Introduction
Application of enzymes to improve nutrients digestibility of plant-based feed ingredients for swine and poultry has now been studies for decades. Initially, the main focus was phytase to break down the phytate molecule and release the attached phosphorus molecules. In the last two decades, enzymes to assist digesting NSP were developed, tested, and commercialized. In the meantime, enzymes to assist digesting starch, protein and fat have been tested as well. A large array of chemical characteristics exists among plant-based feed ingredients, and success of enzyme application will depend on these characteristics. The substrate must match the enzyme and be a limitation for nutrient digestibility or voluntary feed intake. Two diet formulation methods exists to apply enzyme treatments in practice: (1) formulate diets to a regular nutrient content and supplement with an enzyme, while hoping for an improvement in feed efficiency, or (2) formulate diets to a reduced nutrient content and count on an uplift by the enzyme to a regular nutrient content, while reducing feed costs. An overview of considerations and practical application of enzyme supplementation in swine will be presented.

Ingredients
Seeds of plants crops or fractions thereof each contain some of the three main energy categories: carbohydrates [divided into sugars, starch and non-starch polysaccharides (NSP)], protein, and oil (fat). Among the listed feed ingredients, a large array in content of these main energy categories exist, ranging from 10 to 37% NSP, 14 to 63% starch, 9 to 47% protein, and 1 to 5% fat (Table 1).
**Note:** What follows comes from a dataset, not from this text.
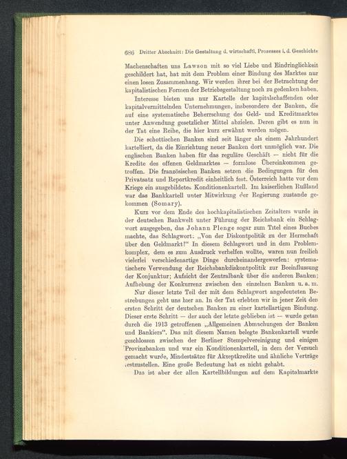 Kurz vor dem Ende des hochkapitalistischen Zeitalters wurde inder deutschen Bankwelt unter Führung der Reichsbank ein Schlag-wort ausgegeben, das Johann PI enge sogar zum Titel eines Buchesmachte, das Schlagwort: „Von der Diskontpolitik zu der Herrschaftüber den Geldmarkt!“ In diesem Schlagwort und in dem Problem-komplex, dem es zum Ausdruck verhelfen wollte, waren nun freilichvielerlei verschiedenartige Dinge durcheinandergeworfen: systema-tischere Verwendung der Reichsbankdiskontpolitik zur Beeinflussungder Konjunktur; Aufsicht der Zentralbank über die anderen Banken;Aufhebung der Konkurrenz zwischen den einzelnen Banken u. a. m.

In least-cost diet formulation, the greatest cost-pressure exists against digestible or available energy (Zijlstra et al. 2001). Overall in swine nutrition, the inverse relationship between NSP content and energy digestibility has been well described for several feed ingredients, for example wheat (Zijlstra et al. 1999) and barley (Fairbairn et al. 1999). Logically, enzymes that degrade fiber and thereby improve energy digestibility or voluntary feed intake will thus have a high chance to be beneficial economically, whereas phytase to improve phosphorus digestibility may also reduce nutrient excretion and thereby improve sustainability of the swine industry.
Among ingredient, large differences in digestibility of the main macronutrients exist (Figure 1). Among the cereal grains, oats has the lowest digestibility of crude fiber, then barley, wheat, while corn has the highest digestibility of crude fiber. Both peas and soybean meal have a high digestibility of crude fiber. By-products from value-added processing, including wheat middlings from wheat flour milling, generally have a lower nutrient digestibility than the parent cereal. Digestibility of other carbohydrates, including starch, sugars, and the remainder of the fiber fractions was lower for wheat middlings, oats and barley compared to the other four feed ingredients. Protein digestibility followed and similar pattern as digestibility of other carbohydrates with the highest protein digestibility observed for soybean meal. According to the database (CVB 1994), fat digestibility showed a large variation among feed ingredients. Phosphorus digestibility was consistently below 40%, likely due to the phytate contained in plant-based feed ingredients.